I decided that it would be a good idea to provide these functions for all string-like data types. In addition to strings, strict bytestrings and lazy bytestrings, I also want to support strict and lazy text. My first idea was to provide five different modules in web-encodings. I did not relish the thought of writing it, much less maintaining it.

class StringLike

Then I had an idea. When doing html escaping, for example, all I really need to do is call “concatMap escapeHtmlChar”, where escapeHtmlChar might look like:

escapeHtmlChar '<' = "&lt;"
escapeHtmlChar '>' = "&gt;"
...
escapeHtmlChar c = [c]

I could obviously write 5 versions of the escapeHtml function, each calling a specialized version of concatMap. In fact, it’s very simple to do so: all five data types involved provide a concatMap function. I might need a little tweaking for packing at some points, but it’s very simple.

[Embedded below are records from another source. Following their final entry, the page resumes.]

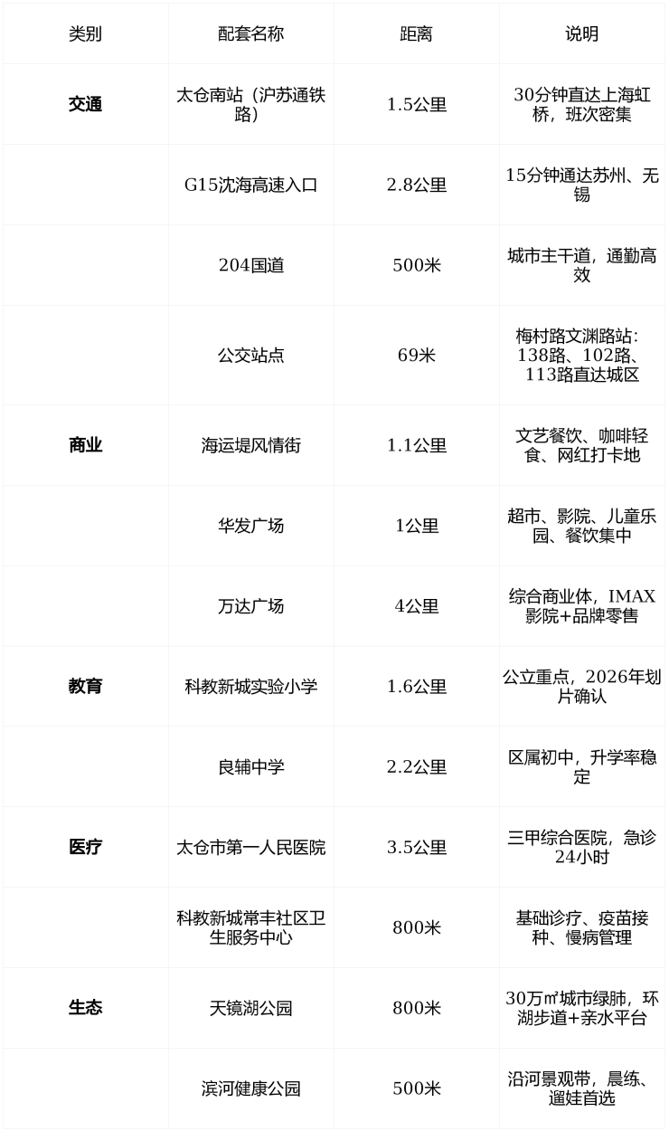 🚇 四、周边配套一览表(步行/车程)
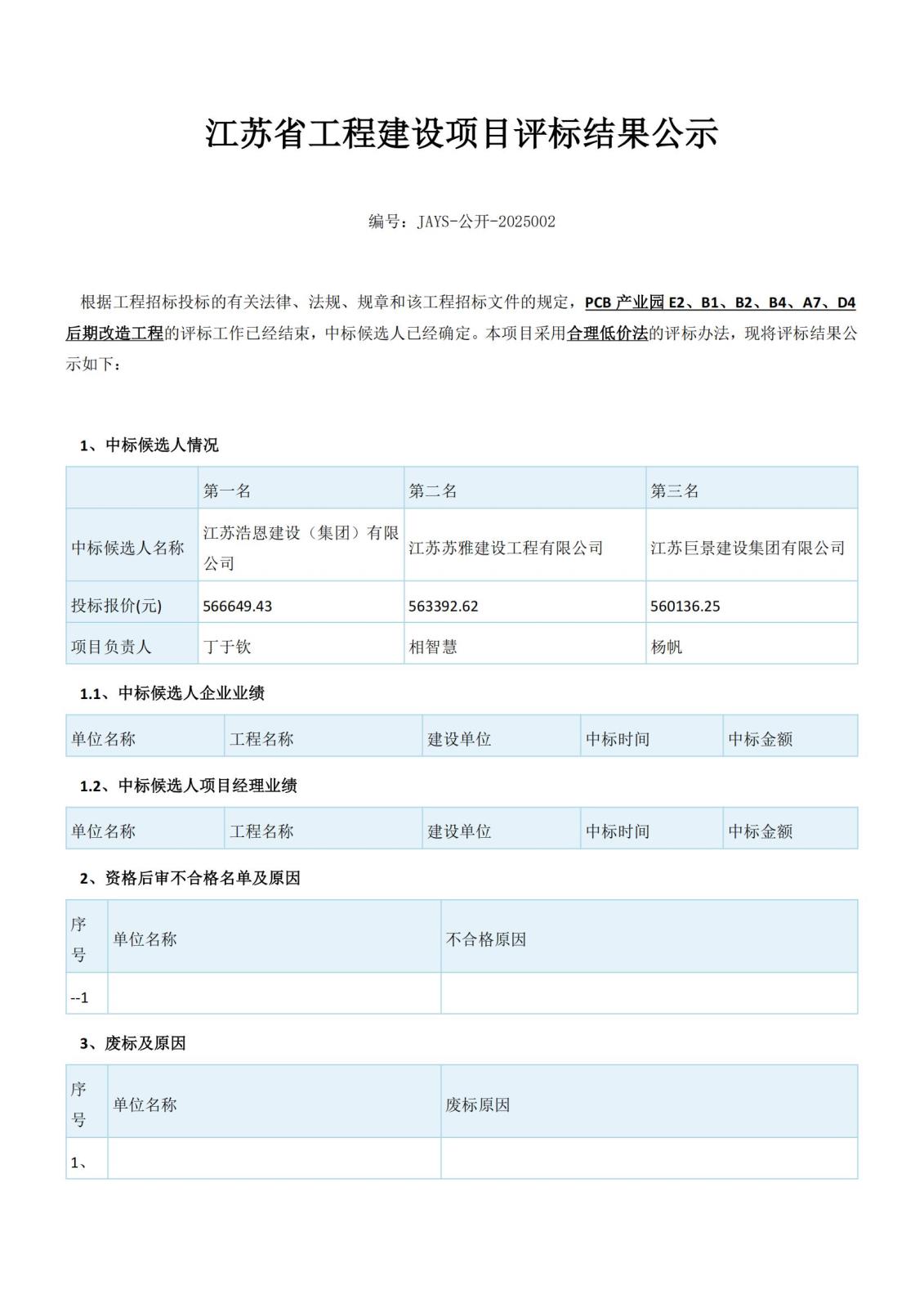 江蘇省工程建設(shè)項目評標(biāo)結(jié)果公示
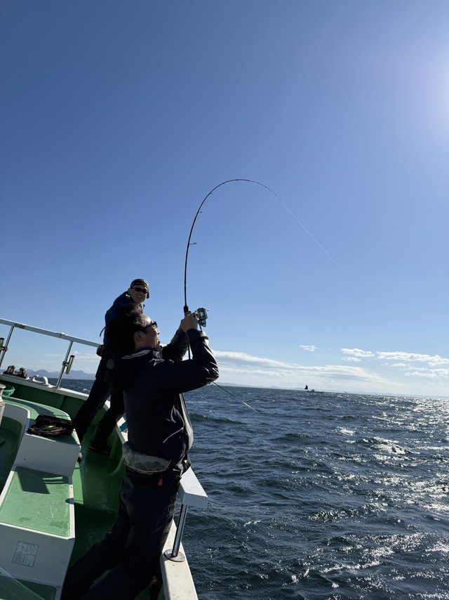 なかなかアタリもなく、船長も参戦し、数回の流しで船長にヒット!さすがです!
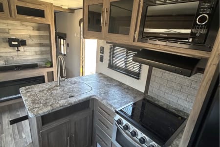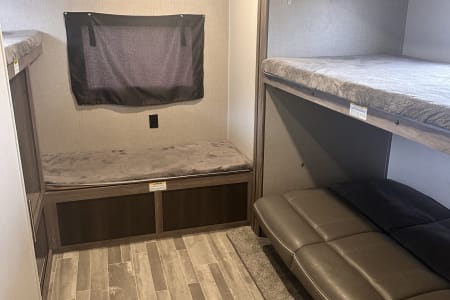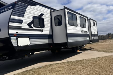 Enjoy a great family camping trip in our CrossRoads Zinger 328 SB. This is the perfect family camper with its master bedroom and large bunk room with 3 beds. The camper will sleep up to 10 people. This camper has an unloaded weight of 7756 lbs. and a GVWR (max weight) 9740lbs. My family and I love spending time camping, and would love you to share in that experience.
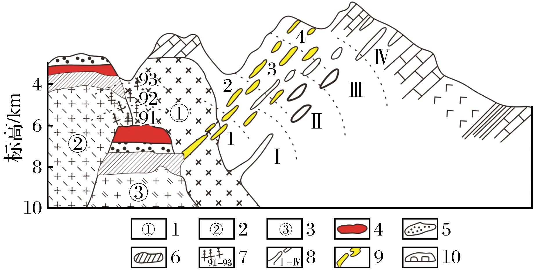 | 图3 与花岗岩有关的稀有金属矿床成矿模式图( 1.第一期花岗岩;2.第二期花岗岩;3.第三期花岗岩;4.强钠长石化花岗岩;5.中钠长石化花岗岩;6.弱钠长石化花岗岩;7.热液矿床及分布;8.与第一期花岗岩有关的侧向伟晶岩及其分带;9.与晚期花岗岩有关的侧向伟晶岩及其分带;10.顶盖伟晶岩 |
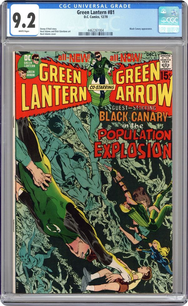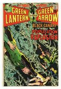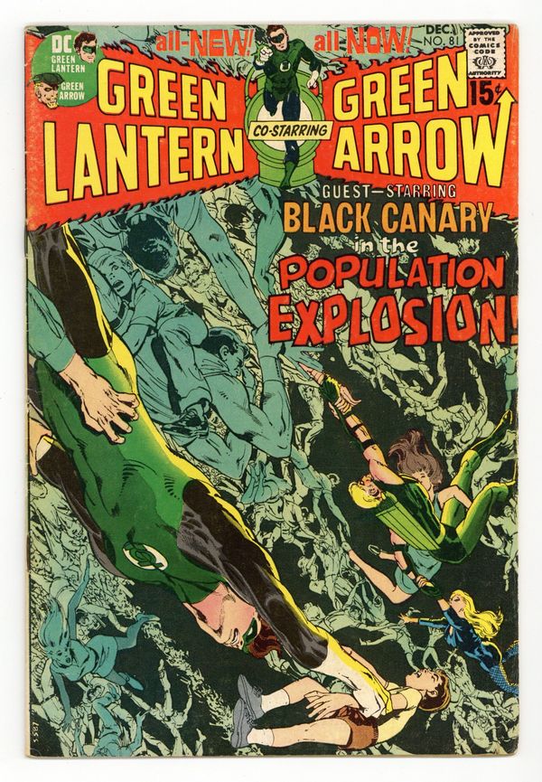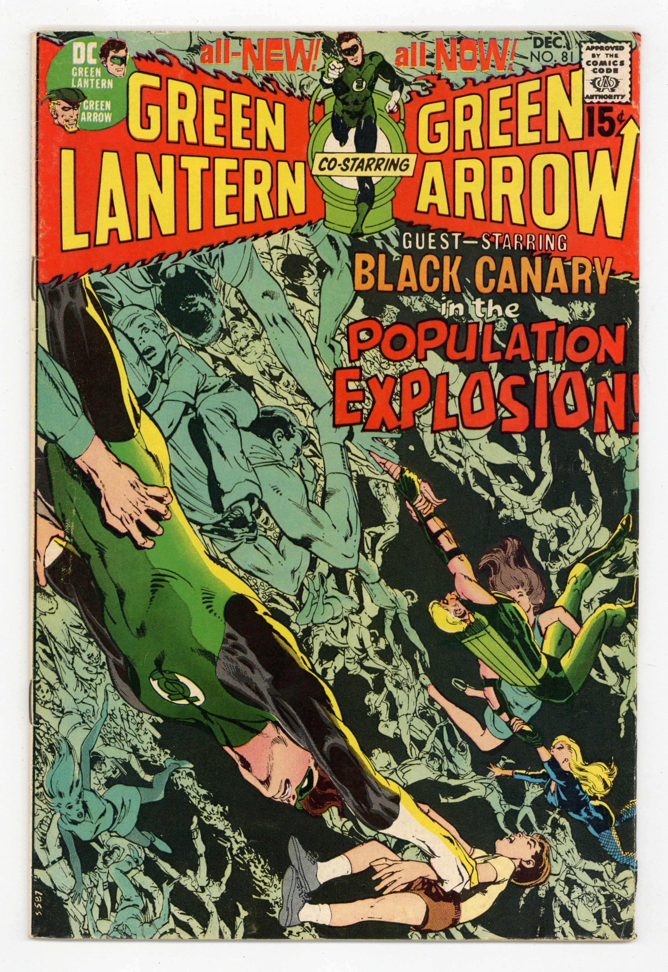 Cover art by Neal Adams. Death Be My Destiny!, script by Denny O'Neil, pencils by Neal Adams, inks by Dick Giordano; Green Lantern and Green Arrow, now joined by Black Canary, travel to Oa and find that Old-Timer has been found guilty by the Tribune; The Guardians strip him of his immortality and sentence him to live out his days on the planet Maltus; The heroes go with him into his exile and discover a planet wildly over-populated due to the efforts of Mother Juna. After they put a stop to her work, the Old-Timer vows to restore balance to Maltus. 36 pgs. $0.15. Cover price $0.15.
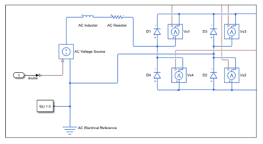 Simscape_system, you see four diodes arranged in a bridge configuration. For both positive and negative input values, this configuration provides a positive, rectified output.
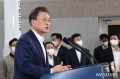 문재인 대통령이 21일 오후 한국형 발사체 '누리호(KSLV-2)'의 발사 참관을 마치고 전남 고흥 나로우주센터 발사통제동에서 대국민 메시지를 발표하고 있다.(사진=뉴시스) “위성 궤도 안착 미완의 과제…발사체 고도 700km 보낸 것만도 대단” 누리호 발사 참관 후 대국민 메시지…“내…
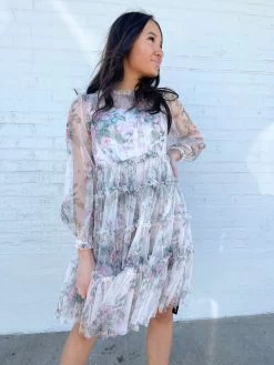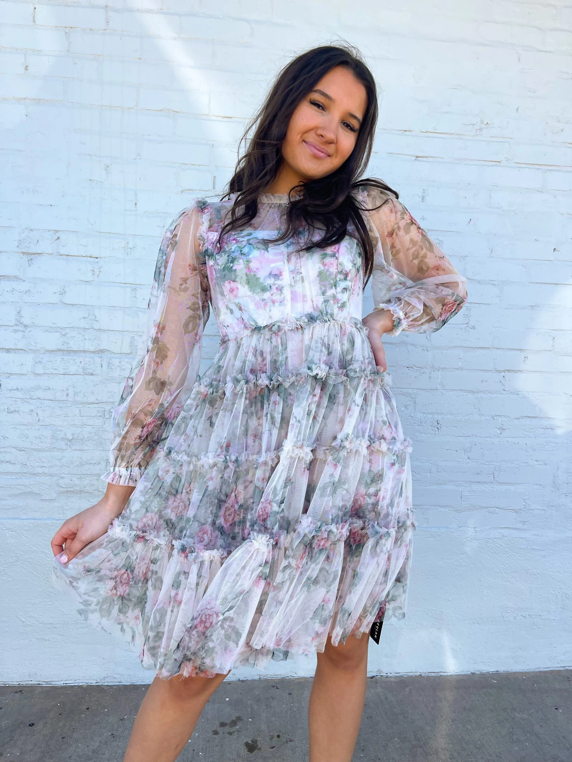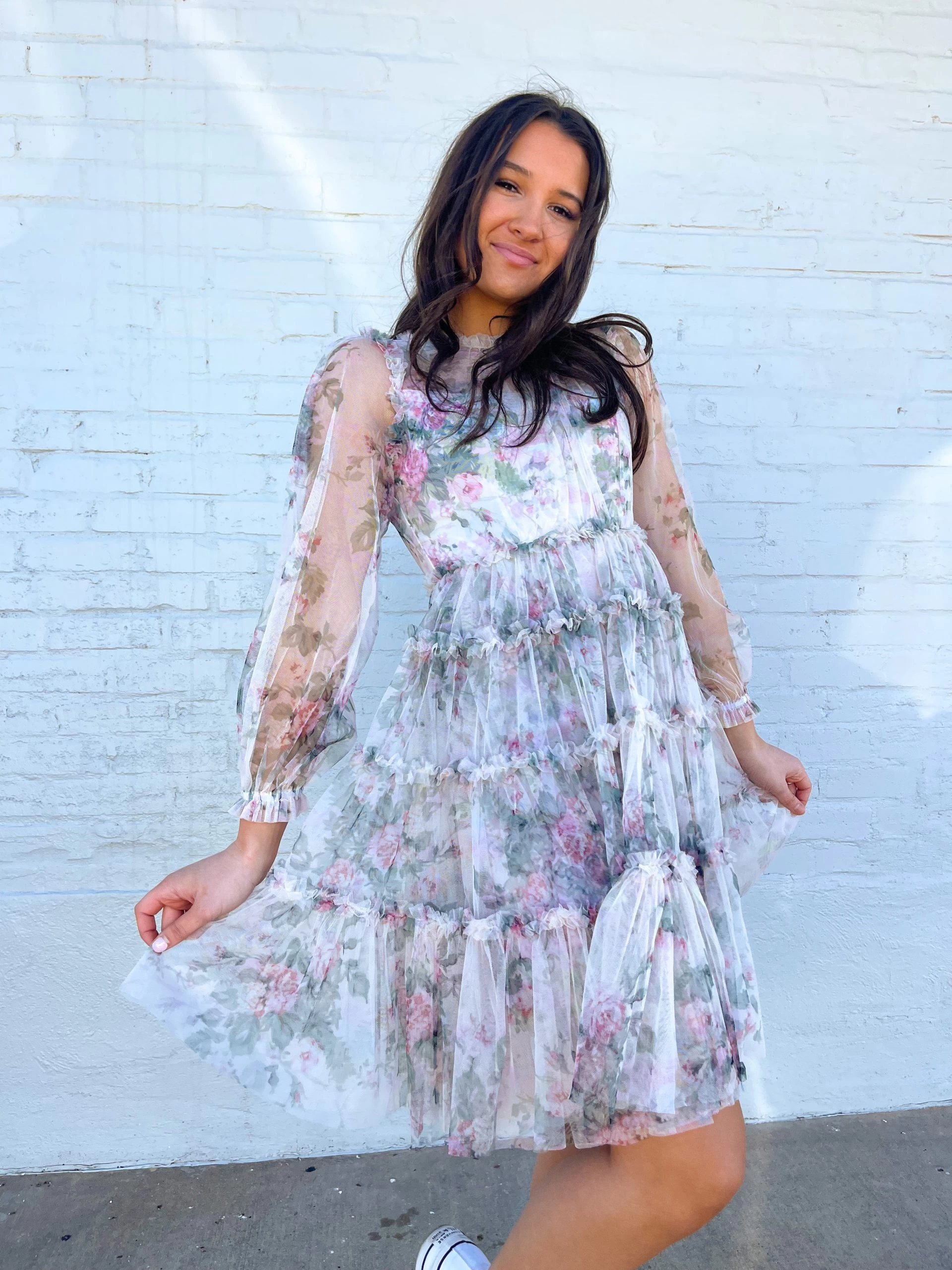This dress is DREAMY!! Floral mesh overlay with tiered skirt that hits right above the knee. She features a mock neckline with a sheer sleeve detail! This is the perfect option for your Sunday best!

But of course I still didn’t want to have five functions. So I decided to create the “StringLike” typeclass. It looks something like this:

class StringLike a where
    head :: a -> Char
    tail :: a -> a
    lengthLT :: Int -> a -> Bool
    concatMap :: (Char -> String) -> a -> a
    ... (many more function)

As simple as this looks, there are a few things to note:

  • The basic type is always a Char. This means that we are treating bytestrings as if they are encoded in Latin-1.
  • Based on a suggestion by Daniel Fischer, there is no length function. Instead, there are length comparison functions, which is probably what’s needed in general.
  • There’s a fine line of when to use String and when to use the type itself. For example, I think the first argument to concatMap should be a function returning a String, not the specific type. tail should most definitely return the type itself. But there are some corner cases, such as the isPrefixOf function.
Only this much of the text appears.